- [Excerpted records]:

-- Opening Marker --

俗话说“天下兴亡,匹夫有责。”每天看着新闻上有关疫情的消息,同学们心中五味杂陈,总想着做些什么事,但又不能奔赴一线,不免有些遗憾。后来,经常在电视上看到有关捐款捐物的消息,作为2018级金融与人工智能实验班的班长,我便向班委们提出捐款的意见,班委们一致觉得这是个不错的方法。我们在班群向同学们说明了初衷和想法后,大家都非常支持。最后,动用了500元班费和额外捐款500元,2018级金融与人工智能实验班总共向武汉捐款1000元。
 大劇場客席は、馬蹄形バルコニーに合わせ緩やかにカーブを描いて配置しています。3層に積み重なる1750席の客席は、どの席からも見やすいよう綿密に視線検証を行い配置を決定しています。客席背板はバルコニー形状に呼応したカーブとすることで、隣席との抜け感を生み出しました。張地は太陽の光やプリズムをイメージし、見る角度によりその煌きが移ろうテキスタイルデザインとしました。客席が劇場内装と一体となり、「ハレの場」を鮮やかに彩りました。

-- Closing Marker --
-- Opening Marker --

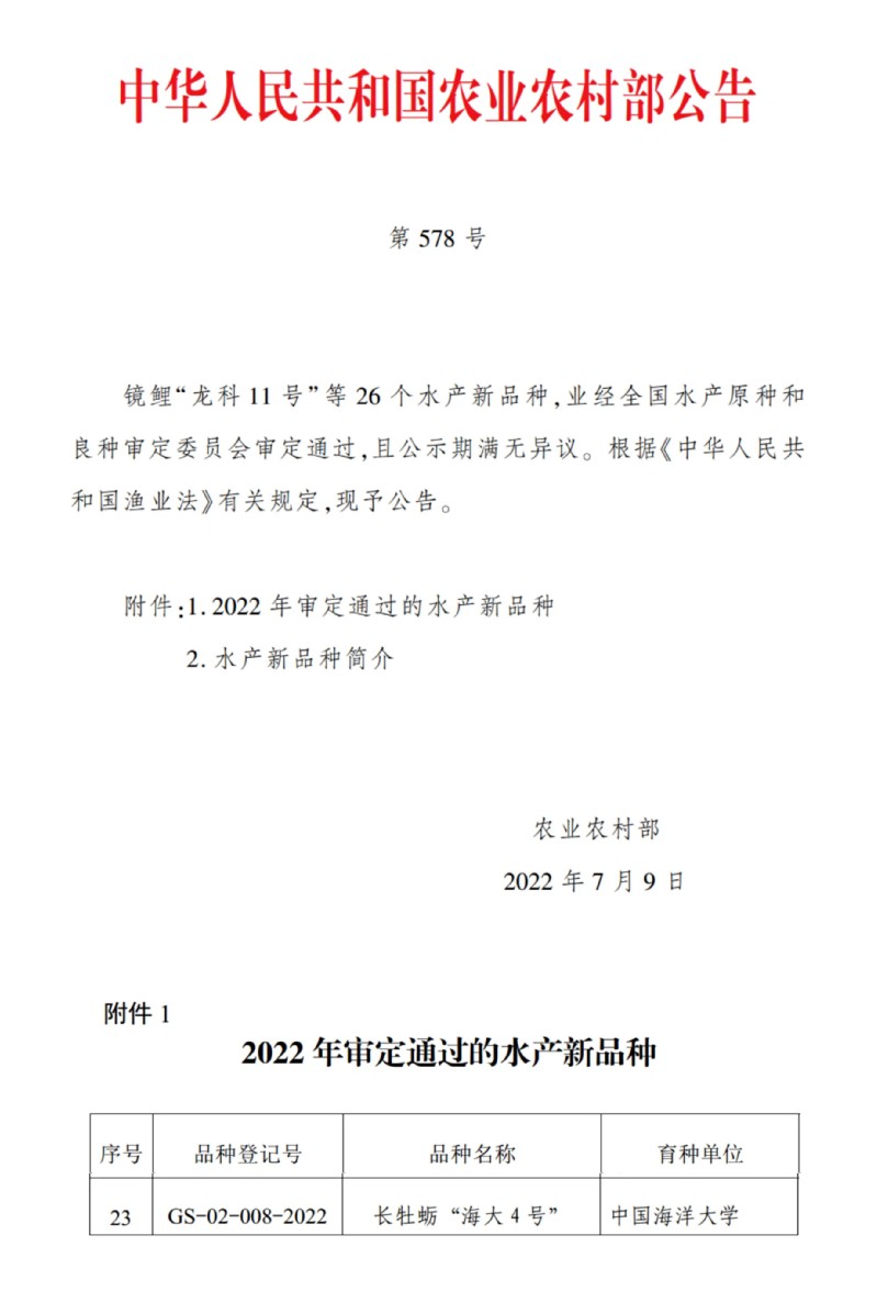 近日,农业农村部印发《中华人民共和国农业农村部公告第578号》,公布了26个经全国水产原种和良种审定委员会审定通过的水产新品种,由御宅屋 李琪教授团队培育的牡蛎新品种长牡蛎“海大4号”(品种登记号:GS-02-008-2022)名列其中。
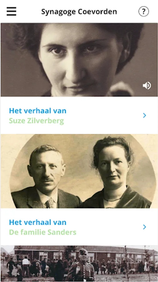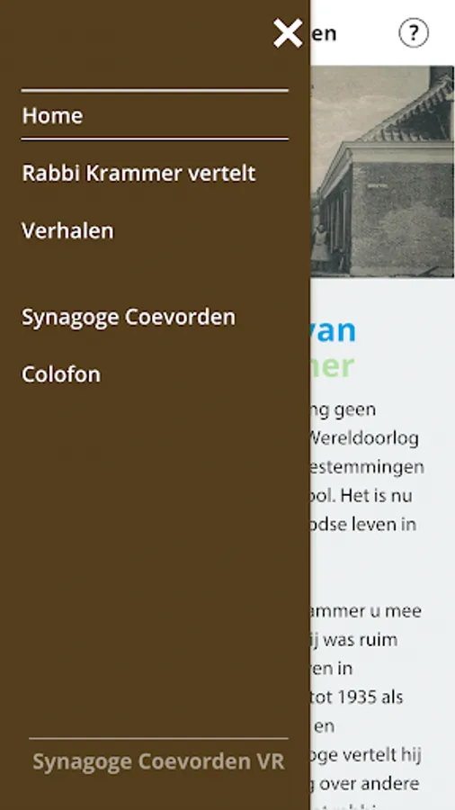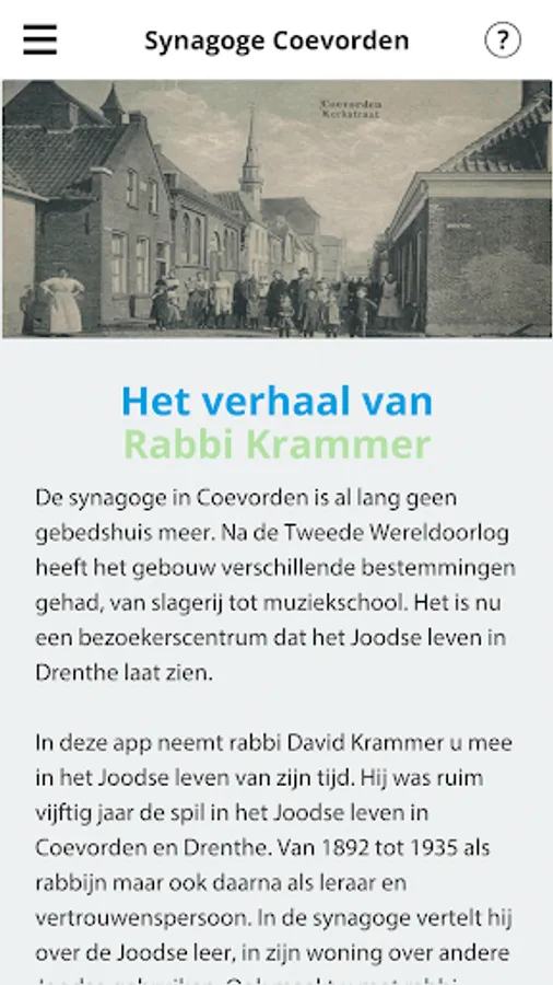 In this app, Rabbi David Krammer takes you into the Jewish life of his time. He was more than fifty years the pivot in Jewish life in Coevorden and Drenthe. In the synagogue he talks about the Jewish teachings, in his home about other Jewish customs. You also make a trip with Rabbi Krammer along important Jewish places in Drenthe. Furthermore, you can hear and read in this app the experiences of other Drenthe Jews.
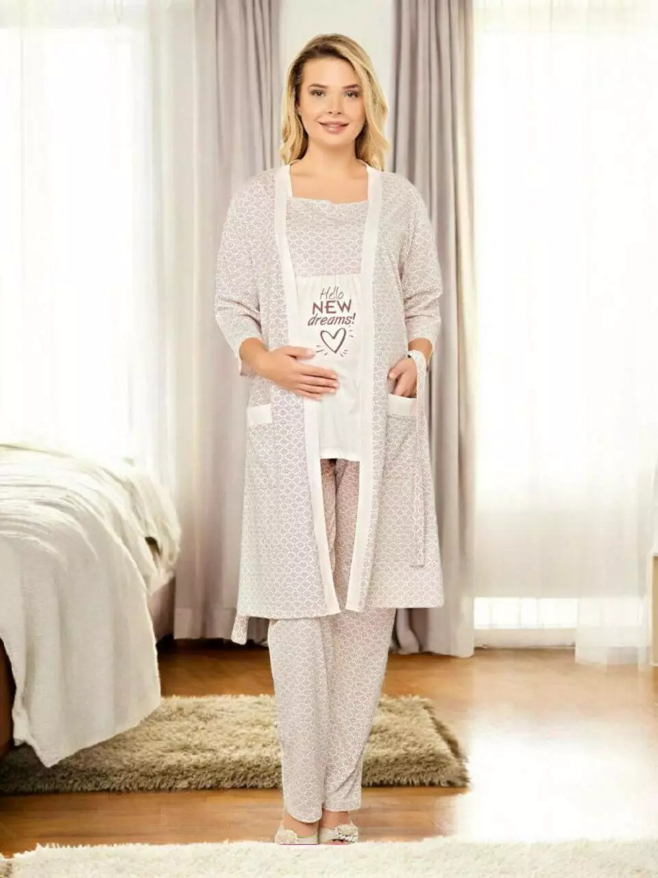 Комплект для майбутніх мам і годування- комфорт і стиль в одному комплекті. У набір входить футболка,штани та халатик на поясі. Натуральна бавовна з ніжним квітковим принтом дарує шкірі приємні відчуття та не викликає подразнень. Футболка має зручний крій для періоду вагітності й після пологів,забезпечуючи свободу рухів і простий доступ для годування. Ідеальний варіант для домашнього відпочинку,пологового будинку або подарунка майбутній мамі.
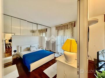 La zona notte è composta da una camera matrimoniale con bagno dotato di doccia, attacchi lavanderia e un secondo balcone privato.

-- Closing Marker --

Only the lines of the listing above from the one with "Комплект для майбутніх" through the one with "La zona notte" should be output, exactly, with both ends kept and pictures left out.

- [Completed exercise]:
 Комплект для майбутніх мам і годування- комфорт і стиль в одному комплекті. У набір входить футболка,штани та халатик на поясі. Натуральна бавовна з ніжним квітковим принтом дарує шкірі приємні відчуття та не викликає подразнень. Футболка має зручний крій для періоду вагітності й після пологів,забезпечуючи свободу рухів і простий доступ для годування. Ідеальний варіант для домашнього відпочинку,пологового будинку або подарунка майбутній мамі.
 La zona notte è composta da una camera matrimoniale con bagno dotato di doccia, attacchi lavanderia e un secondo balcone privato.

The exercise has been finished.